** Problem to work on **
Among the entries below, find the line with "입구에 들어서면 나를" and the line with "长安神骐T30EV驾驶室横向". Return exactly those lines and every line between them, but no pictures.

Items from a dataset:
====================

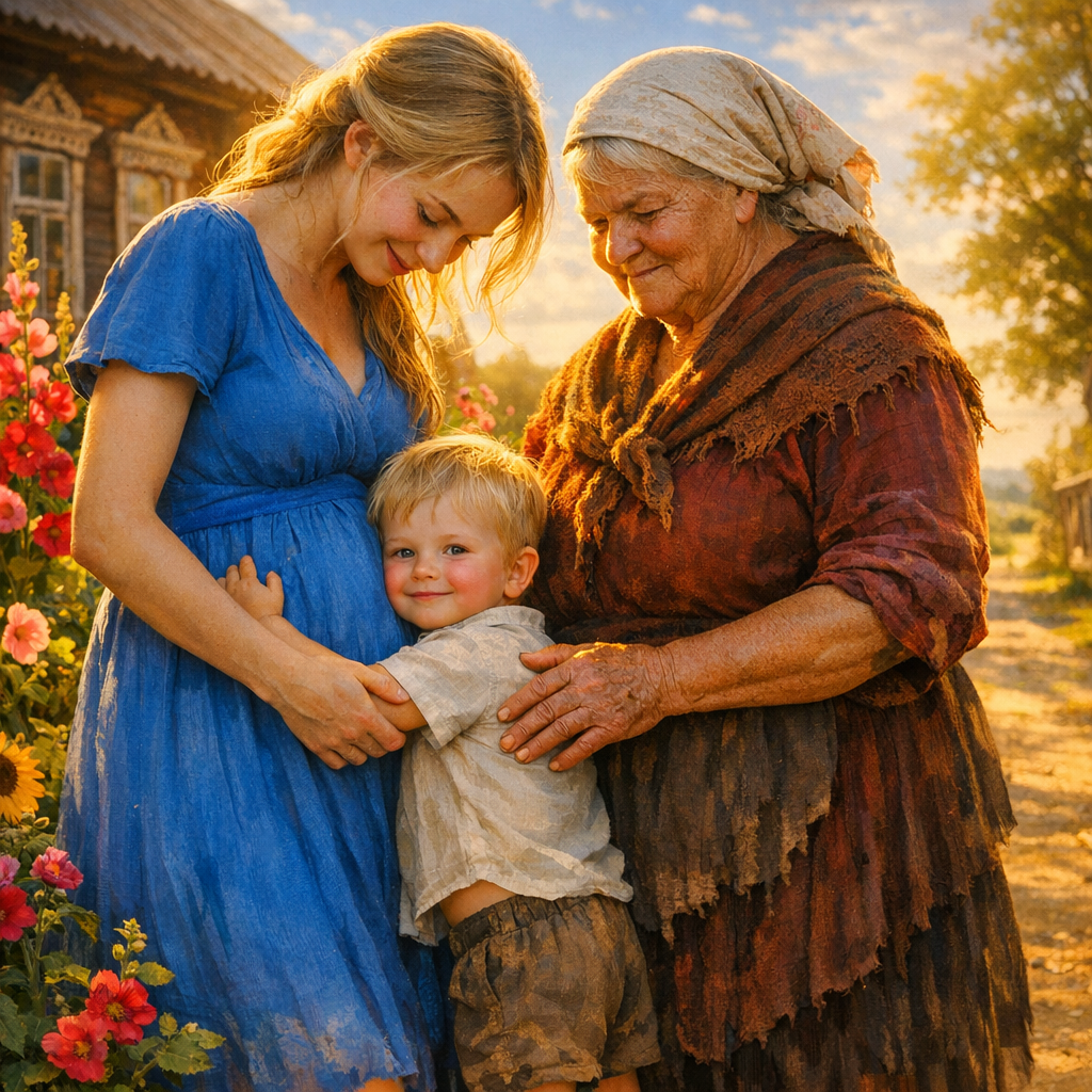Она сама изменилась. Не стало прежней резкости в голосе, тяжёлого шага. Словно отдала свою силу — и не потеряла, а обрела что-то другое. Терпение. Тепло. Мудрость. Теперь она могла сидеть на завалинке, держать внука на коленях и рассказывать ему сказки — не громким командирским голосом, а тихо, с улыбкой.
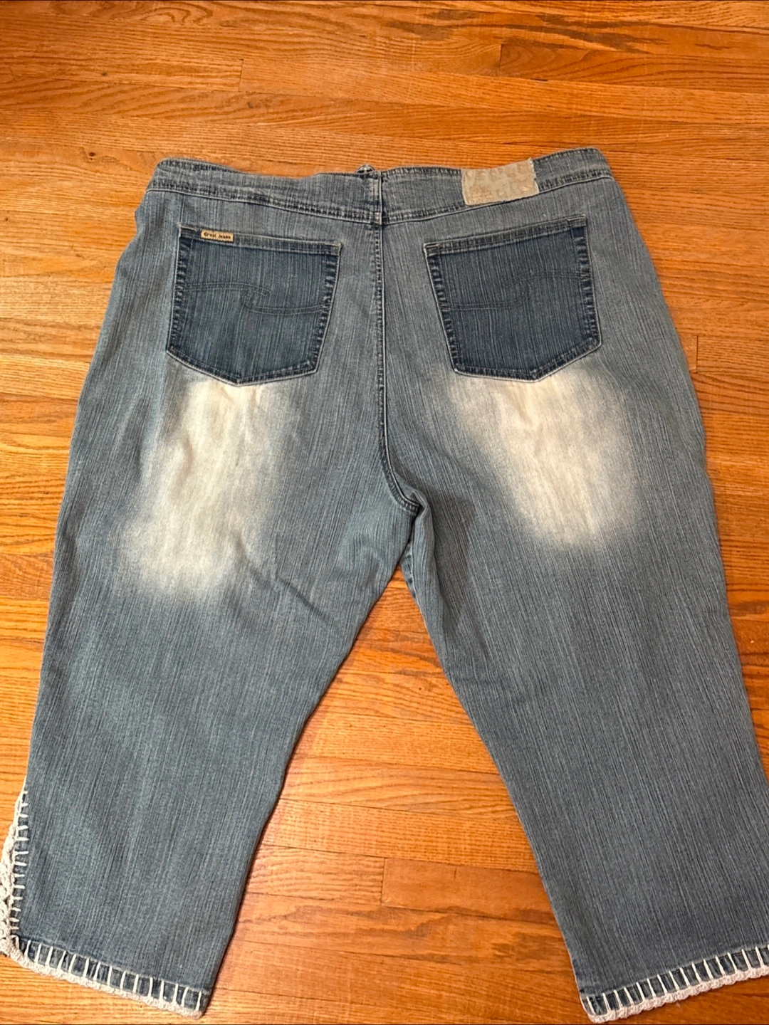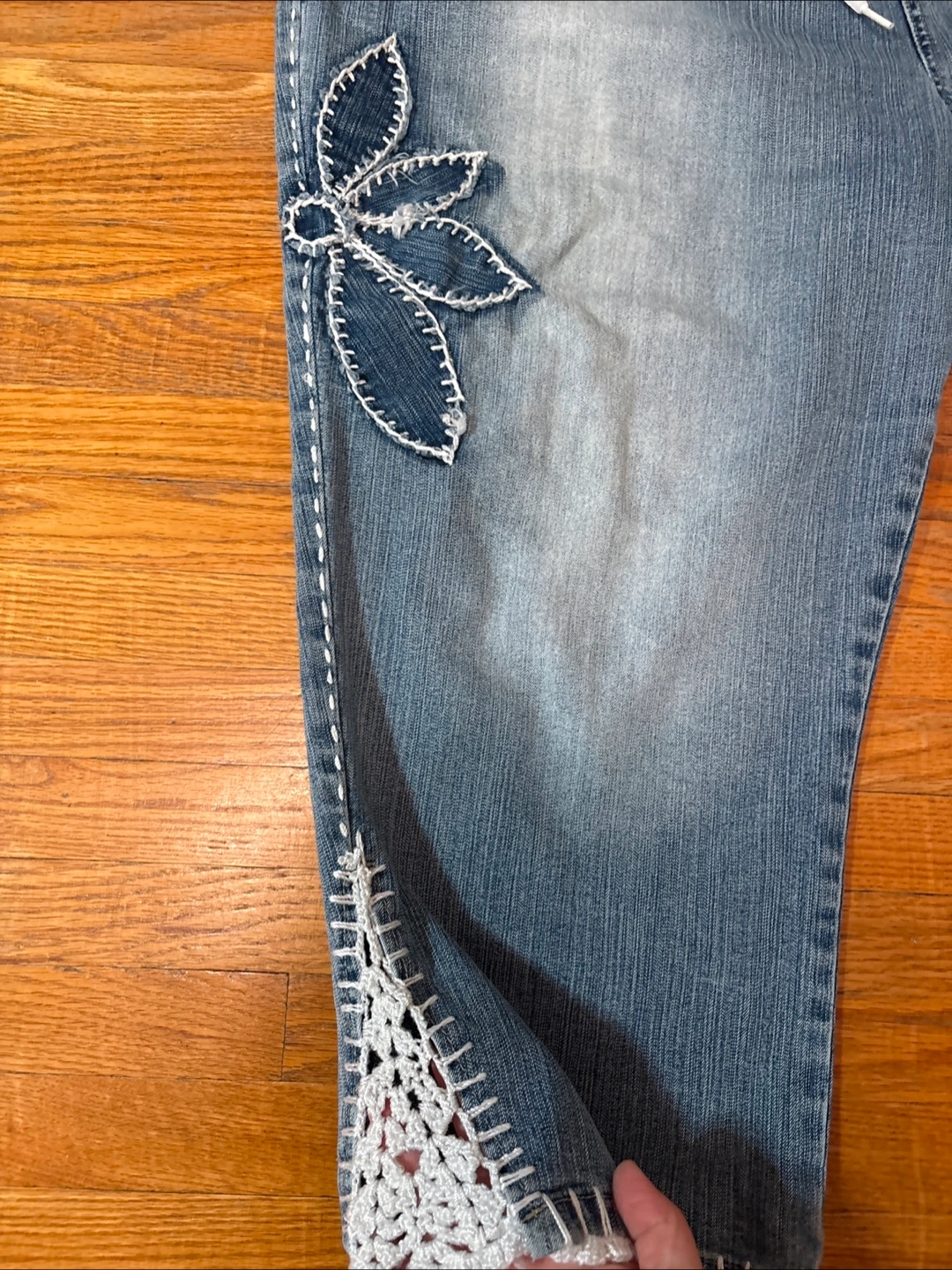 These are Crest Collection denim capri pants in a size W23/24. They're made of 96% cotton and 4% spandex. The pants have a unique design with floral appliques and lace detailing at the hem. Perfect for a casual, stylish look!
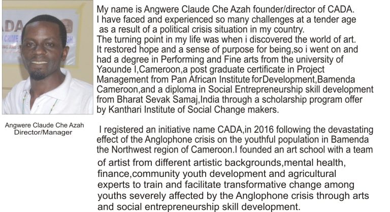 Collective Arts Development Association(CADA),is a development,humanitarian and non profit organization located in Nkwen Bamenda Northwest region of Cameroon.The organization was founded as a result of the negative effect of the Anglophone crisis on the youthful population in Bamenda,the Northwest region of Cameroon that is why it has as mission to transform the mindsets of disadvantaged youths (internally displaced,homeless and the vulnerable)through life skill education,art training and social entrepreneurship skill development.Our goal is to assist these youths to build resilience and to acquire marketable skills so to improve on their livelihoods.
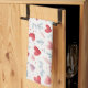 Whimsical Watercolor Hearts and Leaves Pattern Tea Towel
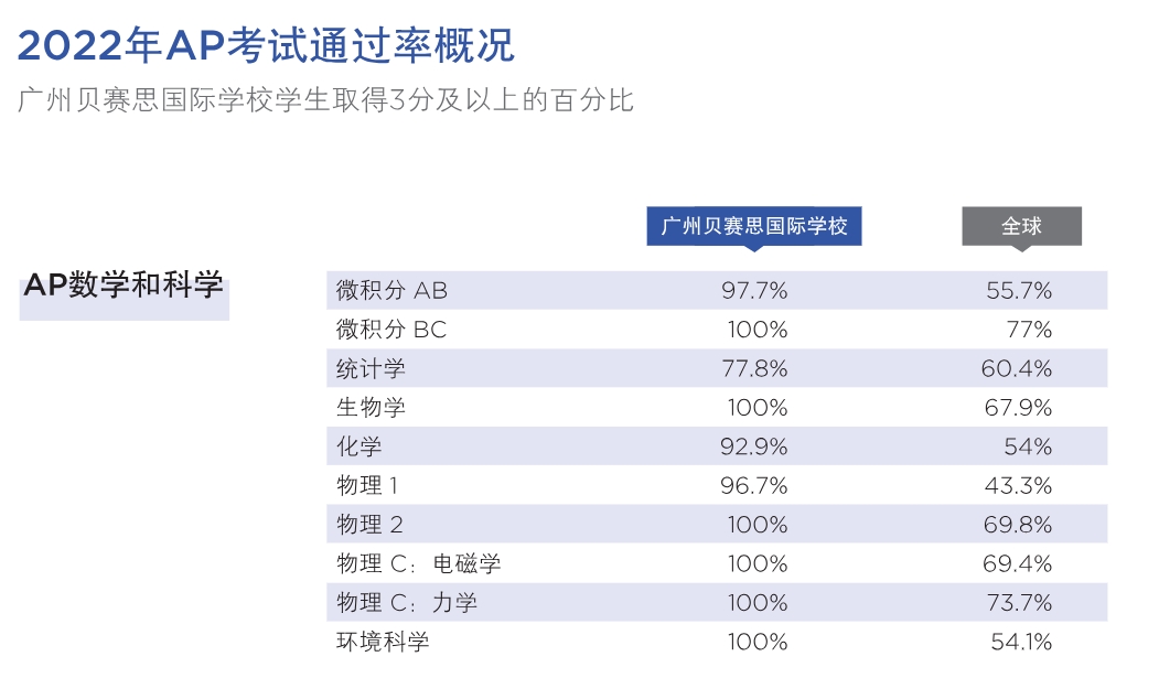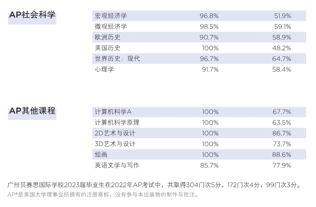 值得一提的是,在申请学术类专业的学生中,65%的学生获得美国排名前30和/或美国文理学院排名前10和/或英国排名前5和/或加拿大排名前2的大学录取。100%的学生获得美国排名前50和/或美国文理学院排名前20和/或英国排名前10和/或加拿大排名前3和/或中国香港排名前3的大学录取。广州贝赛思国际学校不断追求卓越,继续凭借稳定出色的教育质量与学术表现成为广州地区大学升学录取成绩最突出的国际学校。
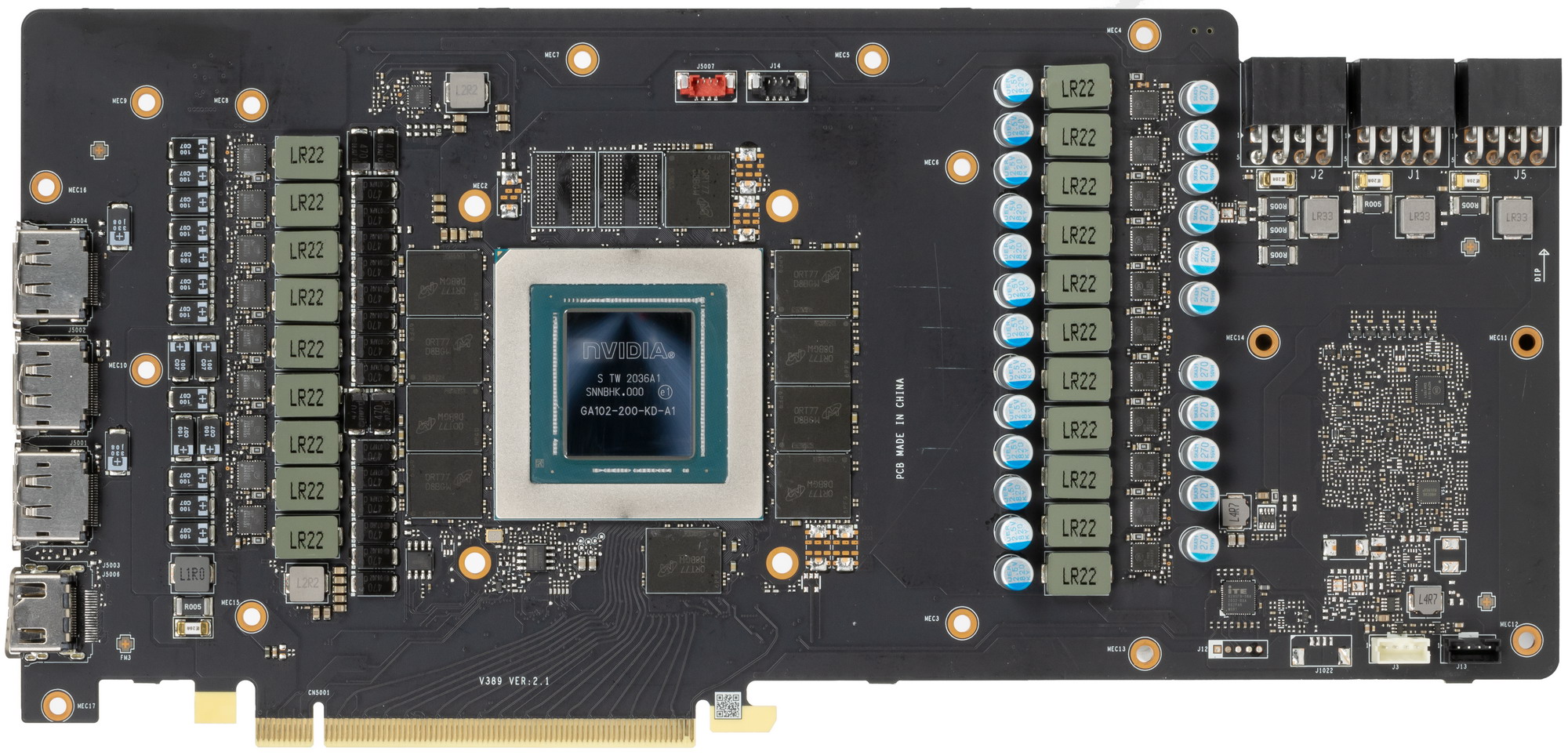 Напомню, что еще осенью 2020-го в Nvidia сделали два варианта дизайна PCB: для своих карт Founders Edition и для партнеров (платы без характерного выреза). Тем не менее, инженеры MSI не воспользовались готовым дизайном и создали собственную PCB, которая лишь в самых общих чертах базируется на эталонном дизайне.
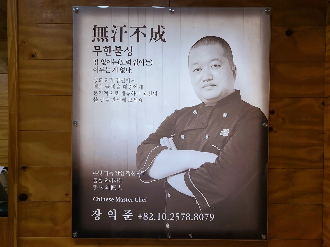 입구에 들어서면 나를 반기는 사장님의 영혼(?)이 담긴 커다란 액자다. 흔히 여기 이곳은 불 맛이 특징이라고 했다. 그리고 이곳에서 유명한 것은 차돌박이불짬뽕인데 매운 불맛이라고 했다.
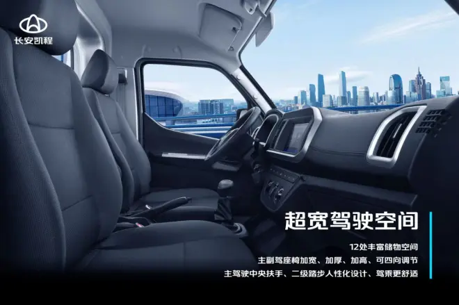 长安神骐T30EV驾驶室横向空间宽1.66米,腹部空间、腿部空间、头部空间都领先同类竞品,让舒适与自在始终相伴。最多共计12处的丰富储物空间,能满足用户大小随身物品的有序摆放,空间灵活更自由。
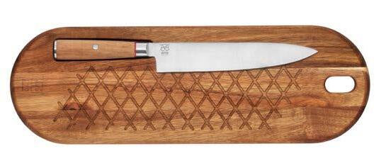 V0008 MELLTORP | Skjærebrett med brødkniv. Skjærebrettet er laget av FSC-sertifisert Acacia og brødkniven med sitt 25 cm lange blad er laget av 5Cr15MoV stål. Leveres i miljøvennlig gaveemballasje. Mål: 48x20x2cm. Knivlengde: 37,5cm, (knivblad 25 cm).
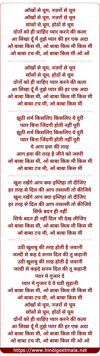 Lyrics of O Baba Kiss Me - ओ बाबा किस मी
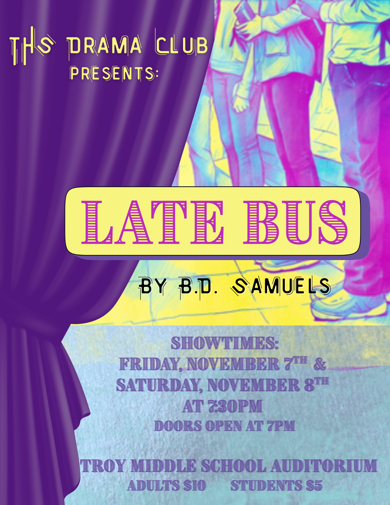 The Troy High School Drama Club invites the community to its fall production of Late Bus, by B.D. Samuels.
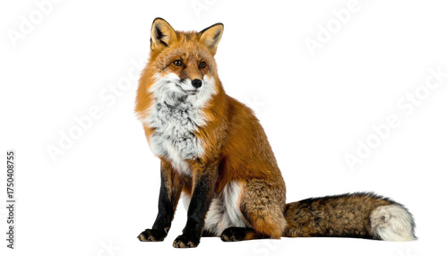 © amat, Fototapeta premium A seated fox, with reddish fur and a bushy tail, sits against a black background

====================

** Result of the task **
 입구에 들어서면 나를 반기는 사장님의 영혼(?)이 담긴 커다란 액자다. 흔히 여기 이곳은 불 맛이 특징이라고 했다. 그리고 이곳에서 유명한 것은 차돌박이불짬뽕인데 매운 불맛이라고 했다.
 长安神骐T30EV驾驶室横向空间宽1.66米,腹部空间、腿部空间、头部空间都领先同类竞品,让舒适与自在始终相伴。最多共计12处的丰富储物空间,能满足用户大小随身物品的有序摆放,空间灵活更自由。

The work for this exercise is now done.